Tout comme le monde, le temps était incréé en se trouvant indissolublement lié au mouvement des astres. Dans un monde éternel, la Terre n’était pas pour autant localement immuable. Elle restait simplement soumise aux mêmes types de transformation qui pouvaient l’affecter. « Puisque le temps ne s’épuise pas et que l’Univers est éternel », Aristote affirma dans les Météorologiques que « les fleuves naissent et meurent et que ce ne sont pas toujours les mêmes lieux de la Terre qui sont immergés ». L’important était cependant que, « sur toute la Terre ce ne sont pas toujours les mêmes régions qui sont les unes une mer, les autres un continent, mais que toutes changent avec le temps ». Certes, tout changeait avec le temps, mais la Terre restait globalement inchangée de sorte qu’il n’était le siège d’aucune irréversibilité et qu’aucune évolution ne s’y produisait jamais. Une nature où tout était gouverné par les cycles éternels d’astres eux-mêmes immuables ignorait par définition toute histoire. L’idée de reconstituer son passé était proprement inimaginable.

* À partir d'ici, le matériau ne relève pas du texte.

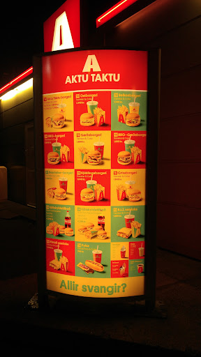 Aktu Taktu borgarl-So this place is very interesting because it is a popular fast-food restaurant in Reykjavik, and because it looks exactly like McDonalds-and I also heard it may be an old Mickey D’s that was converted. Overall, it was a decent place to grab a burger, fries, and a coke. The burger wasn’t what I expected as most of the fast-food burger joints in Europe taste much different than those in US, but to my surprise this one tasted very similar to home. Not a giant beef patty but it was grilled and the bun was soft and warm, the fries were very similar to McDonalds fries and that’s a huge compliment, they are skinny but not thin so they are the perfect size, they were hot and that was a plus, also they were very salty which I like so overall the burger fries combo worked out great for me and I would recommend if your in the capital of Iceland that you should definitely stop and try it. If you’re interested in seeing more of this place check out the episode I did (I was just starting) on my YouTube channel- it is called Travel Man Dan and I don’t mean to be spammy but if you’re interested check it out. Have a great day and I hope you get the chance to enjoy Iceland and Aktu...

Indépendamment du fait qu’elles divergeaient sur l’éternité du monde, sa création temporelle, ses formations et destructions périodiques, toutes les écoles grecques postulaient que la matière était éternelle. Très précocement, Parménide d’Élée (~vie-ve s. av. J.-C.) avait ainsi affirmé que « l’être est en effet, mais le néant n’est pas », en accord avec Démocrite selon qui « rien ne saurait être engendré à partir du non-être et rien ne saurait, en se corrompant, retourner au non-être ». La matière constituait donc elle-même un principe fondamental. Étant par définition immatériel, le dieu des chrétiens avait-il alors créé le monde à la façon du démiurge platonicien en ordonnant un chaos préexistant ? Après quelques hésitations dues à l’ambiguïté de la toute première phrase de la Genèse, le premier livre du Pentateuque, « Au commencement Dieu fit la Terre et le Ciel », une réponse négative allait être apportée par le dogme de la Création ex nihilo. Mais celui-ci représenterait une absurdité totale à l’aune de la philosophie grecque parce que l’idée selon laquelle « rien ne naît de rien » était pour les Anciens le fondement de toute philosophie de la nature.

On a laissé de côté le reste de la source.